• **DATA BLOCK**:
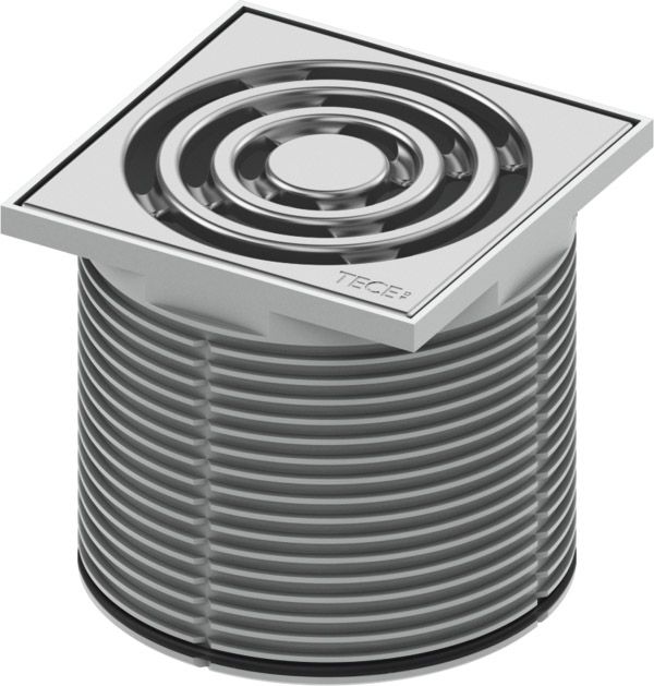 Декоративная решетка, нержавеющая сталь, 100 х 100 мм • Монтажный элемент • Решетка для волос • Стакан гидрозатвора с мембраной • Гидроизоляционная манжета Seal System, 480 х 480 мм • Сифон пластиковый (PP) c горизонтальным поворотным отводом DN 50 и горизонтальным прямым входом DN 40 с заглушкой; -- высота гидрозатвора = 50 мм; -- производительность (согласно DIN EN 1253) при уровне воды над решеткой 10/20 мм: при минимальной высоте монтажа решетки – 0,52/0,89 л/с; при максимальной высоте монтажа решетки – 0,64/1,35 л/с. • Комплект опор со звукоизолирующими прокладками
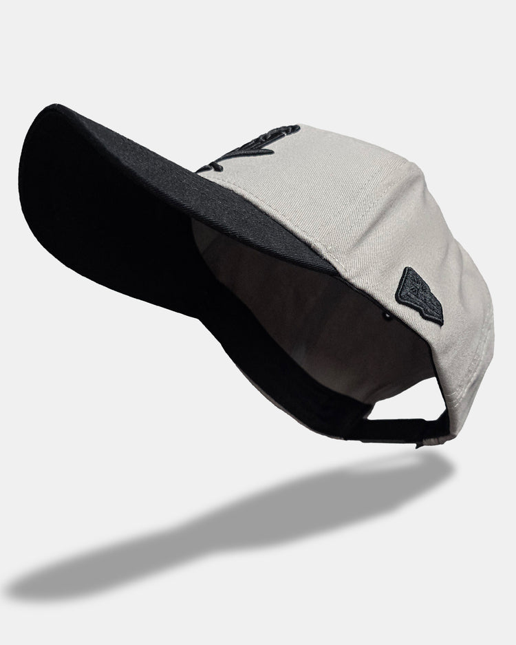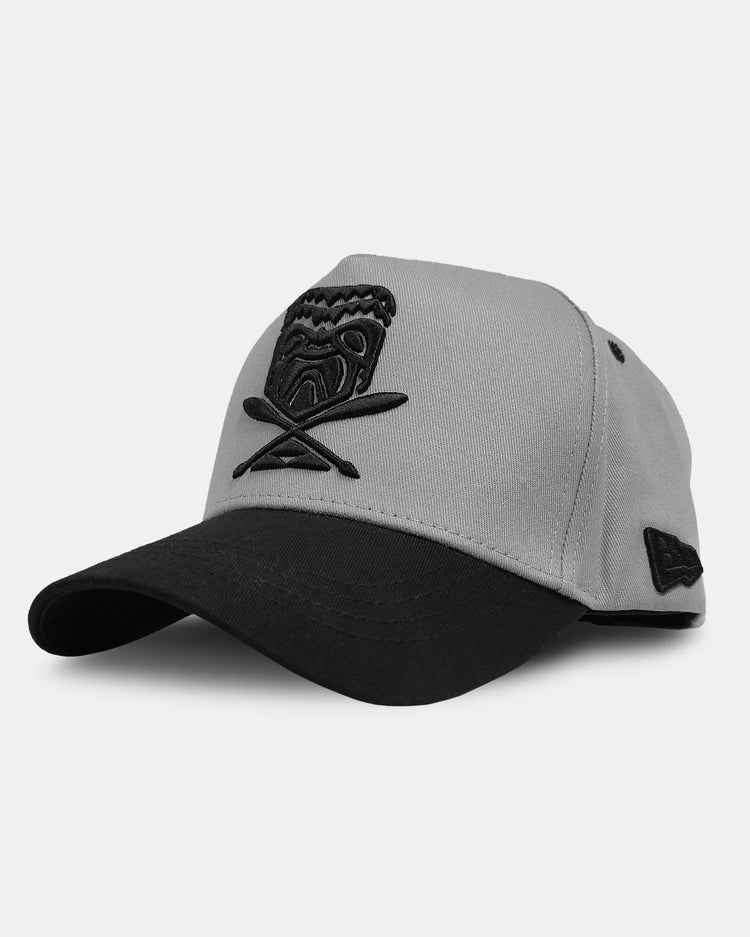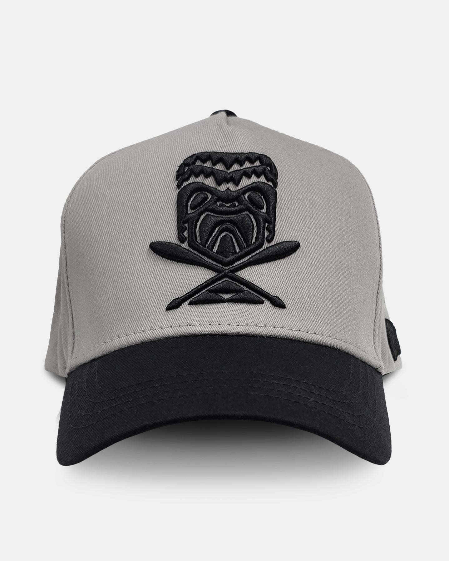 Defend Hawai'i - Our tiki guy stands tall on your crown. The Ki'i  logo embroidered in black on a gray crown hat. A hae Hawai'i (Hawaiian flag) patch embroidered on it's side. This one is a cotton black snapback hat, with a black crown, black eyelets, black brim, and button with a snap closure.
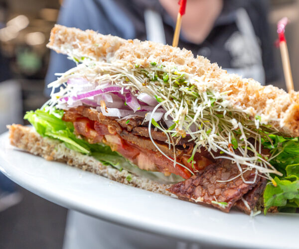 We have a beautiful in house Café that serves the most delicious sandwiches, salads, soups, and breakfast items. Additionally, you can find an incredible assortment of Organic Bagels, Muffins, Carrot Cake, and other desserts all made in house.

• **PROBLEM STATEMENT**: Word for word, restate the lines from the one containing "Defend Hawai'i - Our" through the end of the listing, and nothing more. Skip the pictures.

• **SOLUTION FOR THIS TASK**:
 Defend Hawai'i - Our tiki guy stands tall on your crown. The Ki'i  logo embroidered in black on a gray crown hat. A hae Hawai'i (Hawaiian flag) patch embroidered on it's side. This one is a cotton black snapback hat, with a black crown, black eyelets, black brim, and button with a snap closure.
 We have a beautiful in house Café that serves the most delicious sandwiches, salads, soups, and breakfast items. Additionally, you can find an incredible assortment of Organic Bagels, Muffins, Carrot Cake, and other desserts all made in house.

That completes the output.